The time traveler line delivers callers ranging from entertaining to chilling. A man born in 2078 describes being moved backward through time in five-year increments by a mysterious agency. A caller from 2085 reports three percent of humanity has vanished and a fascist global state requires citizens to be physically tagged. A motorcyclist claims he rides through a projected doorway into the past, losing his bike to Confederate soldiers who melted it for gun metal. Most unsettling, a man says the black-eyed children have enslaved him, each forced trip erasing more of his identity. Between calls, a New Mexico listener recounts witnessing a full Native American ceremony on an Anasazi ruin that left no trace by morning.

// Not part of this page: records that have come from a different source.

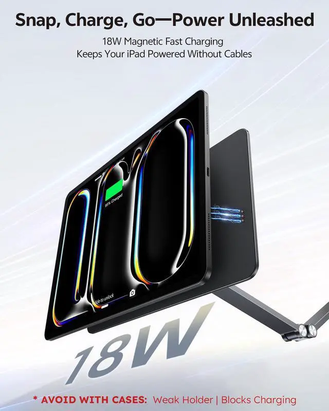 [Designed for iPad Pro 12.9/iPad Air M3/M2] This wireless charging magnetic iPad stand is exclusively compatible with the iPad Pro 12.9"/iPad Air 13" M3(2025)/iPad Air M2(2024) model. Specially provide high-quality charging experience and perfect magnetic fit for iPad Air M3/M2 devices. Free your hands, provide great convenience and bid farewell to messy desk supplies.* Not suitable for other iPad models, please make sure the right ipad model before ordering. NOT SUPPORT for iPadOS Beta Version
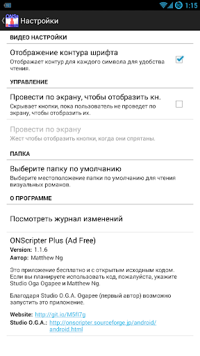 Это приложение имеет больше возможностей и имеет другой пользовательский интерфейс, чем другие ONScripter приложения.
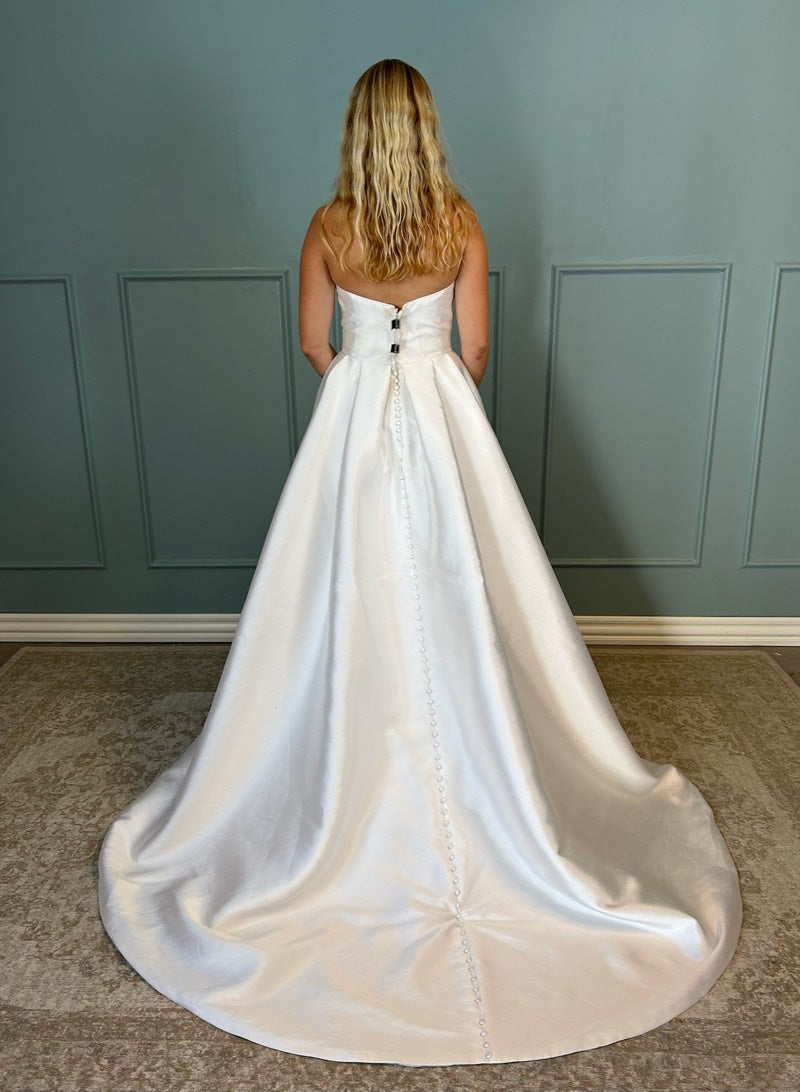 Skørtet har en let A-facon, som giver bevægelsesfrihed, og den høje slids i skørtet skaber et moderne og glamourøst udtryk. Bagpå fuldendes kjolen af en elegant knaplukning hele vejen ned gennem ryggen og et smukt langt slæb, der understreger kjolens romantiske look.
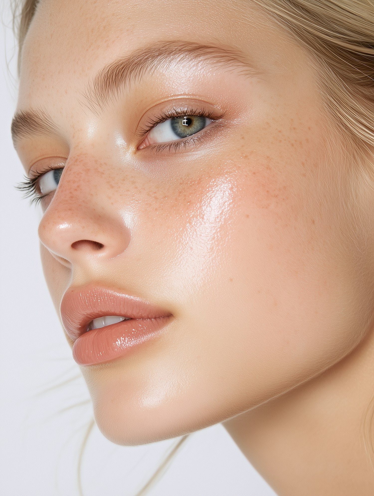 Close-up of a woman with glowing skin, light freckles, blue-green eyes, and glossy nude lips, showcasing a natural and radiant look.
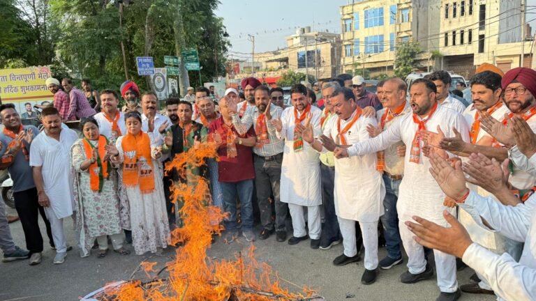 जालंधर : भारतीय जनता पार्टी जालंधर शहरी द्वारा प्रदेश भाजपा कार्यकारी अध्यक्ष अश्विनी शर्मा के आह्वान पर भाजपा जिलाध्यक्ष सुशील शर्मा की अध्यक्षता में शहर के चारों विधानसभा हल्कों में मान सरकार की धक्केशाही और पूर्व सांसद सुशील कुमार रिंकू एवं पूर्व संसदीय सचिव भाजपा प्रदेश उपाध्यक्ष कृष्ण देव भंडारी पर पंजाब पुलिस द्वारा पक्षपात रवैया अपनाते हुए मान सरकार के दबाव में जो उनकी गिरफ्तारी की उसके खिलाफ पूतला फूंक प्रदर्शन किया गया।इसमें जालंधर सेंट्रल में भाजपा प्रदेश महामंत्री राकेश राठौर के नेतृत्व में श्री राम चौक में, नॉर्थ हल्के में भाजपा जिलाध्यक्ष सुशील शर्मा के नेतृत्व में किशनपुरा,कैंट हल्के में पूर्व विधायक सरबजीत सिंह मक्कड़ के नेतृत्व में सब्जी मंडी चौक,वेस्ट हल्के में पूर्व विधायक शीतल अंगुराल के नेतृत्व में बाबू जगजीवन राम चौक में धरना प्रदर्शन किया गया।इन प्रदर्शनों में सेंट्रल हल्के में इंचार्ज जिला उपाध्यक्ष अश्वनी भंडारी और दविंदर कालिया, कैंट हल्के में जिला महामंत्री अमरजीत सिंह गोल्डी, नॉर्थ हल्के में जिला उपाध्यक्ष मनीष विज, दविंदर भारद्वाज,जिला मीडिया इंचार्ज तरुण कुमार,वेस्ट हल्के में जिला महामंत्री अशोक सरीन हिक्की को लगाया गया।इस रोष प्रदर्शन में भाजपा कार्यकर्ताओं ने पंजाब सरकार के खिलाफ जबरदस्त नारेबाजी की और मान सरकार मुर्दाबाद के नारे लगाए।इस मौके सुशील शर्मा ने कहा कि आम आदमी पार्टी की सरकार भाजपा की बढ़ती लोकप्रियता से घबराई हुई है और अब वह पुलिस का इस्तेमाल कर भाजपा नेताओं और कार्यकर्ताओं को परेशान करने की कोशिश कर रही है।सुशील शर्मा ने कहा कि वह दिल्ली में आम आदमी पार्टी की हार के बाद आम आदमी पार्टी बौखला गई है और अब पंजाब में पुलिस का इस्तेमाल कर भाजपा की बढ़ती लोकप्रियता को रोकने की कोशिश कर रही है। उन्होंने कहा कि भाजपा दे सेवादार आगए ने तुहाड़े द्वार अभियान को पुलिस के बल से रोकना जनविरोधी और तानाशाही कार्रवाई बिल्कुल गलत है। उन्होंने कहा कि मान सरकार ने गरीबों,सभी वर्गों और युवाओं को मजबूत बनाने वाली केंद्र सरकार की योजनाओं का समर्थन करने के बजाय,पुलिस बल का दुरुपयोग कर इन्हें रोकने का काम किया है।इस मौके राकेश राठौर ने कड़े शब्दों में इस घटना की निंदा की हैं।उन्होंने कहा कि पंजाब के इतिहास में यह दिन काला अध्याय के रूप में जाना जायेगा जहां लोकतंत्र को ताक पर राज्य सरकार कानून तंत्र पर दबाव बना कर अपनी दमनकारी नीतियों की मनमानी करवा रही है। उन्होंने कहा कि मान सरकार की विकास-विरोधी मानसिकता को भी उजागर करने वाला यह कृत्य प्रदेश के लोगों को कल्याणकारी योजनाओं की जानकारी और मार्गदर्शन से वंचित कर रहा है।इस म

A night that captures exactly why Art Bell's open lines format remains unlike anything else in broadcasting.

Key Moments

  1. Anonymous as internet citizenship: A caller with deep Anonymous knowledge frames the collective as a shared pseudonym and meme for people whose citizenship is the internet.

  2. Anonymous as hive mind: The caller gives Art a compact definition: Anonymous is a hive mind and an emergent phenomenon of the first generation born on the internet.

  3. Born in 2078, moving backward: A time-traveler-line caller claims he was born in 2078 and that his family is part of an agency experiment moving backward through time in five-year increments.

  4. 2085 and the tagging census: Another time traveler claims that by 2085, after three percent of the population disappears, the UN begins a census program requiring people to be tagged.

  5. Ceremony vanishes from Anasazi ruin: A New Mexico caller describes witnessing a nighttime Native ceremony, then finding no tracks the next morning while standing on an Anasazi ruin.